On the film’s self-raised budget, the South Australian production team (including producers Andrei Gostin, Tony Ganzis and Fiona De Caux) decided they didn’t want the financing to come from the film funding bodies.

“We thought that process would take too long. It’d be easier to just go out and shoot the bloody thing,” admitted De Vries.

It’s clear that the team behind Carmilla Hyde weren’t in it for the money involved. More valuable to them was the experience of working in a key role in a feature film.

“For everybody it was a step up. It’s the old problem that you need to experience to get the work and you need the work to get the experience,” said De Vries.

The project rolled from script to production with a momentum that little films seem to muster, with the script and the shooting schedule being written side by side in two and a half weeks.

“I wanted to target an audience that would respond to my type of material, so I wrote Carmilla Hyde for the 18-35 demographic,” he explained.

With the independent distribution of the film, De Vries and his company Dark Mirror Pictures are taking the new school approach in recognition of a technology savvy audience. Although it has not yet recouped its production budget, Carmilla Hyde’s release journey has so far been profitable,  having made money at specialty screenings- and then using that money to enter into festivals (with upcoming screenings in Thailand, Ireland and the UK) to gain more visibility.
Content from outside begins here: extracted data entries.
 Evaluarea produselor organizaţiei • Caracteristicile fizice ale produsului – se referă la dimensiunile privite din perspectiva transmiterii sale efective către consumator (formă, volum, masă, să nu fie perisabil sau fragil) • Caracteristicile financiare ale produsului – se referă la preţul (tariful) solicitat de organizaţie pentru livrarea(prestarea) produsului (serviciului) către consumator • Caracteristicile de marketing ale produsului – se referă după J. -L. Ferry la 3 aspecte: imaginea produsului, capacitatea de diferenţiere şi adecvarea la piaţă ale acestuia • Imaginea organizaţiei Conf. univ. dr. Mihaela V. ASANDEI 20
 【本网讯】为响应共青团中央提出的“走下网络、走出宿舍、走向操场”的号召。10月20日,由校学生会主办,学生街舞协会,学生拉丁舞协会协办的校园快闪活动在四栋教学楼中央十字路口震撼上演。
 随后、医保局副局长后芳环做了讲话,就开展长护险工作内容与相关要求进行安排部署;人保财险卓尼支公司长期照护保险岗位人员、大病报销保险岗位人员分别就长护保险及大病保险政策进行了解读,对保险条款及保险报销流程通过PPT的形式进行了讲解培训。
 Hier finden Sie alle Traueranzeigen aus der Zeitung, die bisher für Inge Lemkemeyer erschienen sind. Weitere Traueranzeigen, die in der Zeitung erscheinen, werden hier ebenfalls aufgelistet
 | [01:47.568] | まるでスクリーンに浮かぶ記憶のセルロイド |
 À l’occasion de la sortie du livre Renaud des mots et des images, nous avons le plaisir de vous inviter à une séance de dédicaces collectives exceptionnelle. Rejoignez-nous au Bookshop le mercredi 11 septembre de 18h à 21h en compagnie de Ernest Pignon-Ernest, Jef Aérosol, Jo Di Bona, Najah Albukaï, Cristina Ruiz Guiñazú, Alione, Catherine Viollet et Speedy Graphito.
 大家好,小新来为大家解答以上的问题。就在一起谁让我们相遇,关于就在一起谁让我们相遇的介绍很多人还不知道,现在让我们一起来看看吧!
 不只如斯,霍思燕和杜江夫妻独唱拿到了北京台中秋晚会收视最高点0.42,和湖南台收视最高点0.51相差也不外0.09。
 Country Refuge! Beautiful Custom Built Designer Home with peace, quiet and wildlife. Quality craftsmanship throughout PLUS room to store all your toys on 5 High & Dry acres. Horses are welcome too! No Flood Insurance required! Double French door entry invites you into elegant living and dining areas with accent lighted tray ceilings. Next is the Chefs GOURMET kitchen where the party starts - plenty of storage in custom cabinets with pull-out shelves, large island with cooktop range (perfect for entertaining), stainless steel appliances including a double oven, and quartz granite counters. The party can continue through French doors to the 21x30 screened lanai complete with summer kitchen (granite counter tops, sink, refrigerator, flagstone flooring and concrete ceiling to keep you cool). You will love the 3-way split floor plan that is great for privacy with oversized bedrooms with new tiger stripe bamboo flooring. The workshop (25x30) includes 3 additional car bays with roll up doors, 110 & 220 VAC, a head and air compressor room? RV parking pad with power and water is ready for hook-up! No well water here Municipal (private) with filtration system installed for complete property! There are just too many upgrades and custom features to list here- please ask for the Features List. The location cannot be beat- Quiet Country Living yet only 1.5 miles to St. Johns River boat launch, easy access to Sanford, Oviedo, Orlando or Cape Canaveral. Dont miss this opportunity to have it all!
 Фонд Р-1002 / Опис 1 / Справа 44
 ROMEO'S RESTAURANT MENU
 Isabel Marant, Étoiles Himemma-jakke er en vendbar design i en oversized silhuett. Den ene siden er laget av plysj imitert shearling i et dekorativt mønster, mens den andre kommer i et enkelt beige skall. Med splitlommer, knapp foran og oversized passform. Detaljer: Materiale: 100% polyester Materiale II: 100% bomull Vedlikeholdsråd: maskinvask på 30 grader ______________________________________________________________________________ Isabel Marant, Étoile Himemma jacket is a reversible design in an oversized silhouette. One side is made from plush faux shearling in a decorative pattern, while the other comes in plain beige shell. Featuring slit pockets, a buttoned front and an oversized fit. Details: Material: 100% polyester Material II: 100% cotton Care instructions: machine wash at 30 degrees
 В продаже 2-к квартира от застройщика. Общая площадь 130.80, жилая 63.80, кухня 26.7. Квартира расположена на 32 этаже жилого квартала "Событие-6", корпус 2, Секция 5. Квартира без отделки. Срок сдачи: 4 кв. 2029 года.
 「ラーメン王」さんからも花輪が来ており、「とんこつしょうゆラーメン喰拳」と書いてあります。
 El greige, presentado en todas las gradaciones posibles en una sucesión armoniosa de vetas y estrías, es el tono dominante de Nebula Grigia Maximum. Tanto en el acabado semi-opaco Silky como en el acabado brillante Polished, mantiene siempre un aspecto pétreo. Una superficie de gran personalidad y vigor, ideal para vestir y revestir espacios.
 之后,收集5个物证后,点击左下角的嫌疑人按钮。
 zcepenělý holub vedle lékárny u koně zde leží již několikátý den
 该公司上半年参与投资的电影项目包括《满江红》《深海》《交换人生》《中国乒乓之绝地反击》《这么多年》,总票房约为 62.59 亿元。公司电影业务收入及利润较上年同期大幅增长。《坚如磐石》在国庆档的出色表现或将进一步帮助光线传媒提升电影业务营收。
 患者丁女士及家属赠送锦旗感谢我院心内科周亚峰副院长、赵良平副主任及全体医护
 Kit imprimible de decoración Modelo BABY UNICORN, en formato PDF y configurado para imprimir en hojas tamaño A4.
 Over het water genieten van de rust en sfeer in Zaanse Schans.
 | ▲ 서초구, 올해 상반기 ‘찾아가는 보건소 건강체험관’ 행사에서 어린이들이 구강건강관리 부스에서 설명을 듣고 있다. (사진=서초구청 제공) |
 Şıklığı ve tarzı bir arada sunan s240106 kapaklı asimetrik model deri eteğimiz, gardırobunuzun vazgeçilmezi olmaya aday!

“That’s what has been driving the publicity and has been a self-sustaining exercise.

“It is very unusual for a film to actually be able to go out and screen and make money by being screened.”

Since its completion in 2009, Carmilla Hyde has won several awards, such as Best Guerrilla Film at last year’s Melbourne Underground Film Festival, and Best Picture at the South Australian Screen Awards (SASA).

The film had a limited opening season at the Mercury Cinema in Adelaide last August, with further screenings this year as part of the SASA season. This August Dark Mirror Pictures will release the film directly on DVD and Blu-Ray, bypassing a wider cinema release, a move which De Vries explains is a strategic one in the current media climate.

“People don’t go to the cinema they way they used to”, he explained.

This he attributes to the shrinking window between the theatrical and DVD/download releases of films: “Going to see a film in the cinema out of necessity is no longer relevant, and the experience of watching at home isn’t as different to watching it on the big screen as it used to be’ as more and more households are sporting home theatre systems.”

DeVries is currently working on another project, Vampire on the Barossa, a genre film that will be more action-orientated than Carmilla Hyde‘s psychological, dramatic thriller.